Performance Trends in AI


Epistemic Status: moderately confident

Edit To Add: It’s been brought to my attention that I was wrong to claim that progress in image recognition is “slowing down”. As classification accuracy approaches 100%, obviously improvements in raw scores will be smaller, by necessity, since accuracy can’t exceed 100%. If you look at negative log error rates rather than raw accuracy scores, improvement in image recognition (as measured by performance on the ImageNet competition) is increasing roughly linearly over 2010-2016, with a discontinuity in 2012 with the introduction of deep learning algorithms.

Deep learning has revolutionized the world of artificial intelligence. But how much does it improve performance?  How have computers gotten better at different tasks over time, since the rise of deep learning?

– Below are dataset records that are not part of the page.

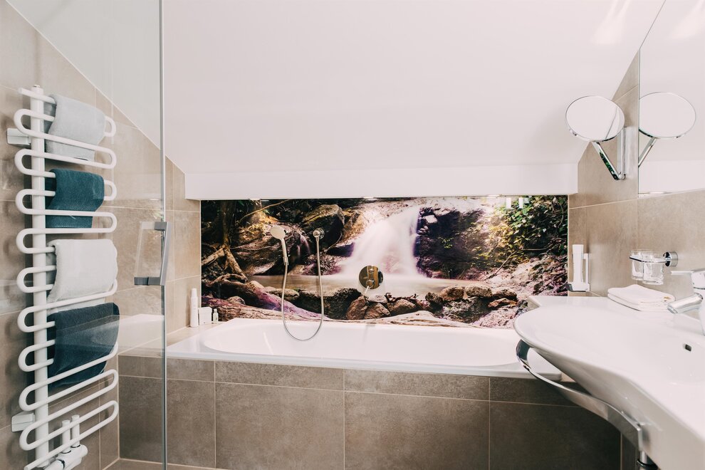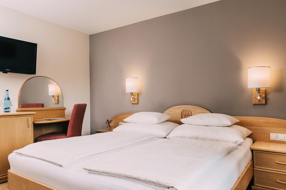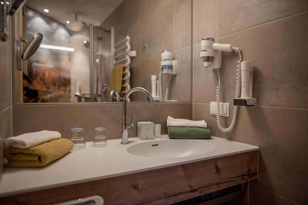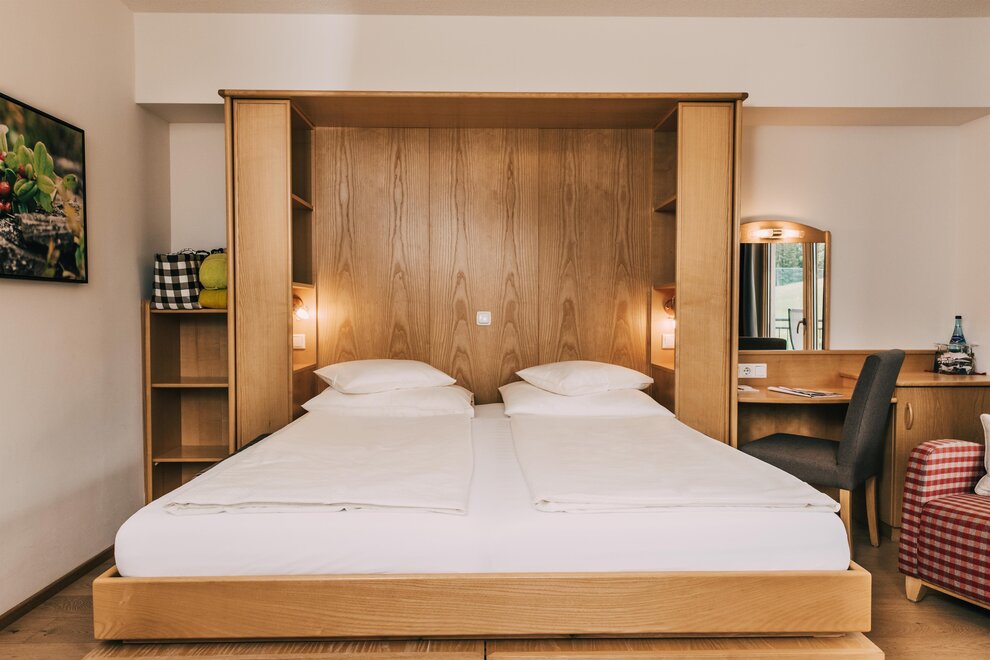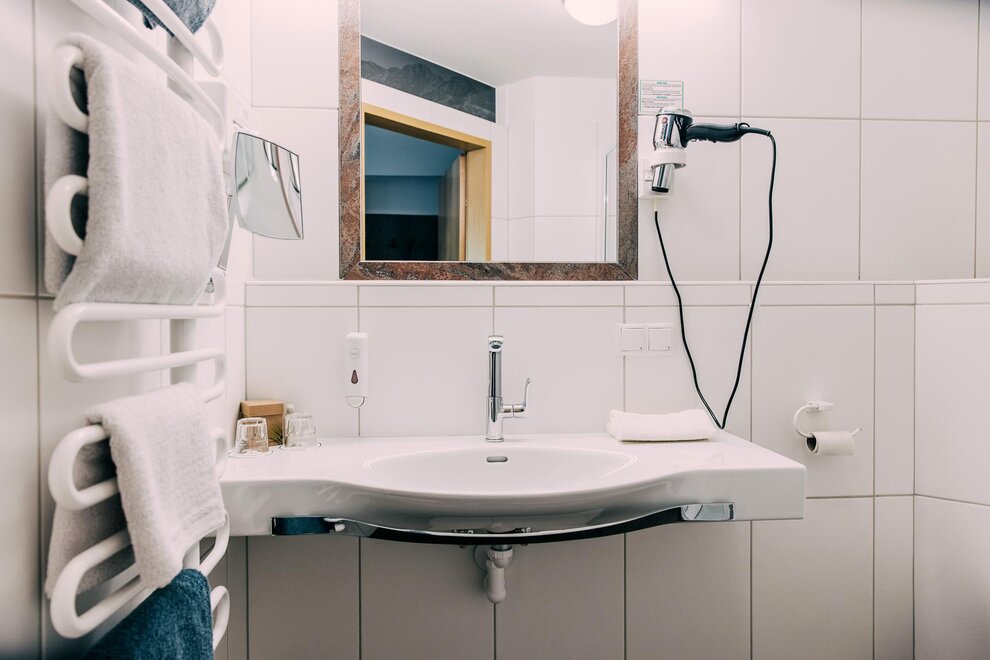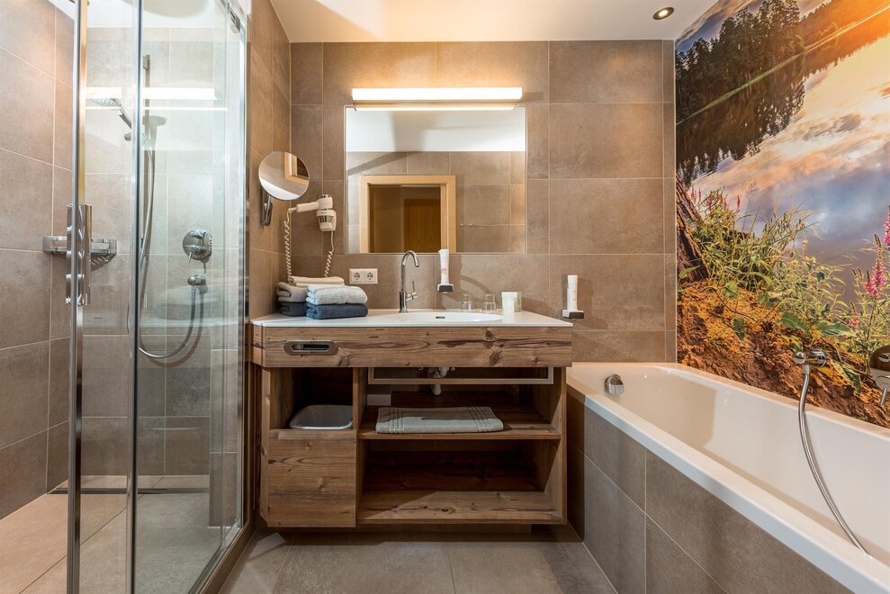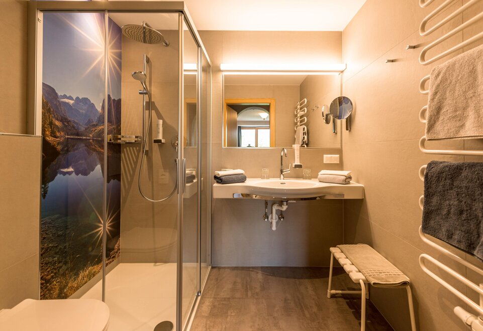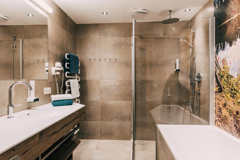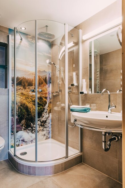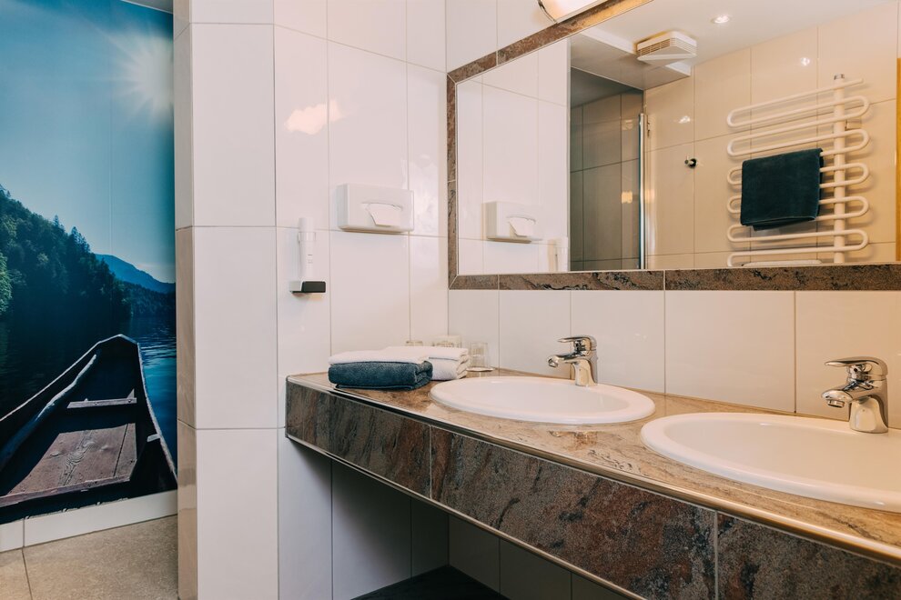 Dvoulůžkový pokoj typu "Tauern" s sprchou nebo vanou, balkonem, plochou TV, trezorem a telefonem. Možnost přistýlky, cca 24-30 m² Částečně bezbariérové koupelny - pouze na vyžádání!
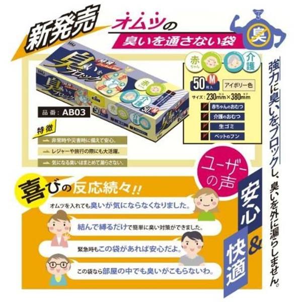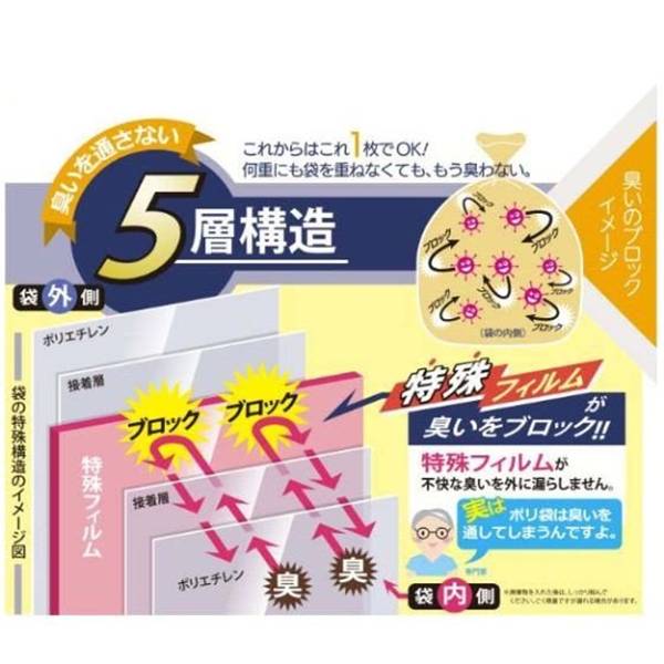 ポリ袋が5層になっており、真ん中の層に使用されている特殊な素材が臭いが外に漏れるのを強力にブロックします。 おむつ・ペットシート・生ごみ等の廃棄に。 非常時や災害時用の備えやレジャー・旅行向けにもおすすめです。 サイズ:230×380×0.030mm 素材:LLDPE 色:アイボリー 入数:100枚(50枚×2個)
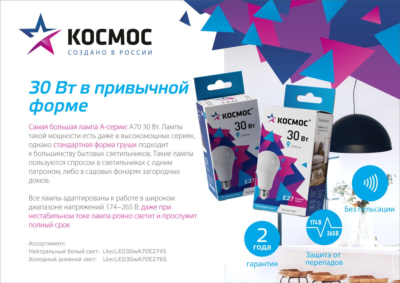 Купить Лампа светодиодная А70 30Вт 4500К Е27 174-265В КОСМОС LkecLED30wA70E2745 оптом или в розницу в Москве, доставка по России. Цена от 131,03 руб.. Условия оплаты и доставки уточняйте у менеджеров.
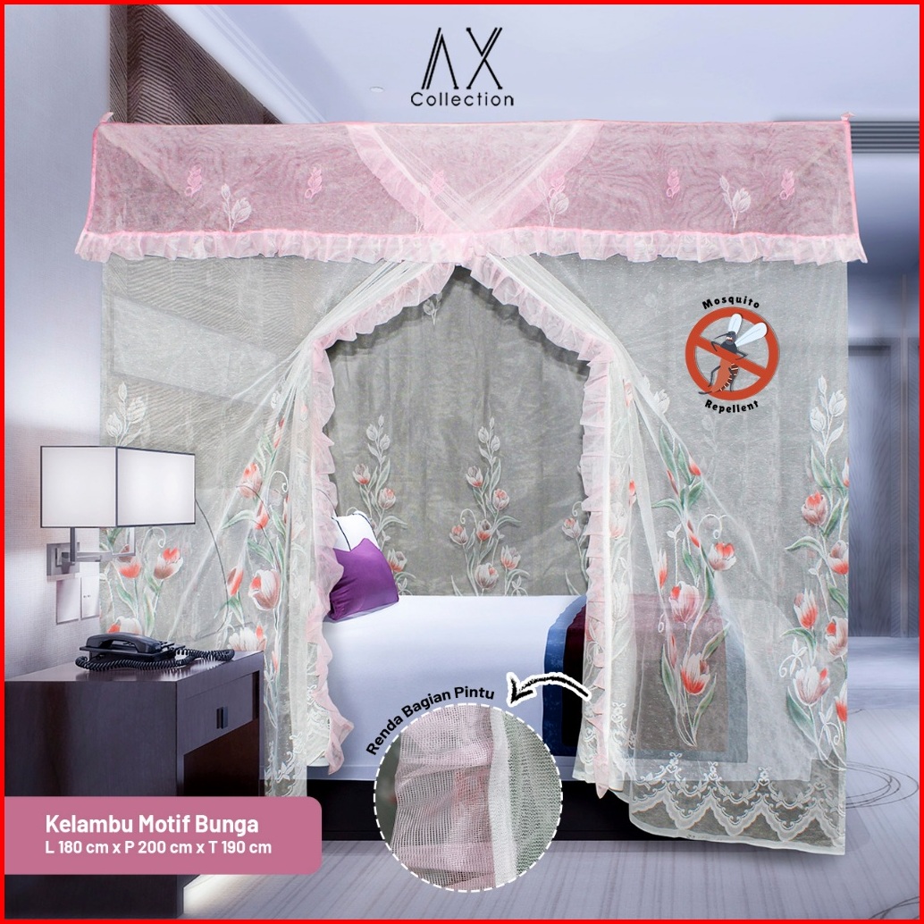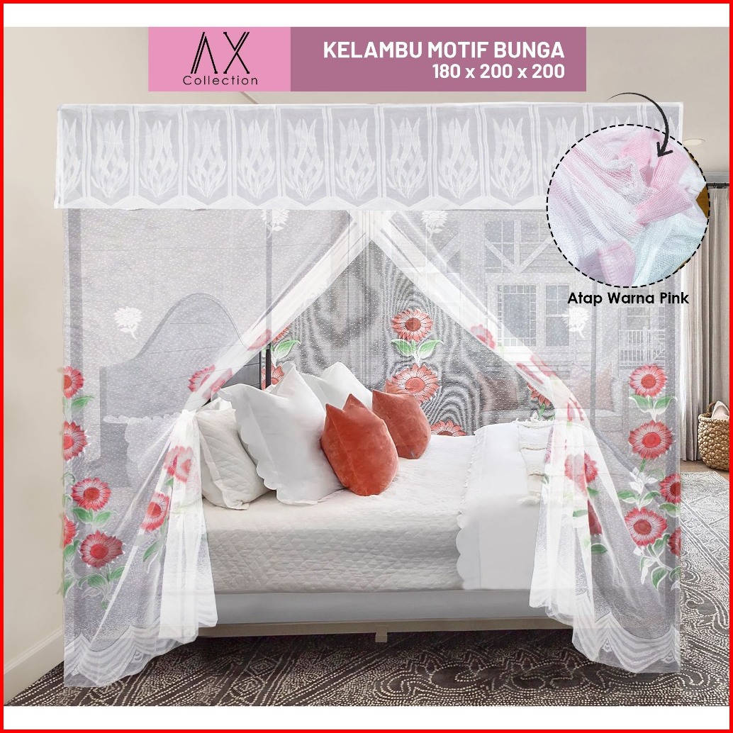 Kelambu Tidur Persegi Print Bunga Anti Nyamuk King Size No.1

In games, what the data seems to show is that exponential growth in data and computation power yields exponential improvements in raw performance. In other words, you get out what you put in. Deep learning matters, but only because it provides a way to turn Moore’s Law into corresponding performance improvements, for a wide class of problems.  It’s not even clear it’s a discontinuous advance in performance over non-deep-learning systems.

In image recognition, deep learning clearly is a discontinuous advance over other algorithms.  But the returns to scale and the improvements over time seem to be flattening out as we approach or surpass human accuracy.

In speech recognition, deep learning is again a discontinuous advance. We are still far away from human accuracy, and in this regime, accuracy seems to be improving linearly over time.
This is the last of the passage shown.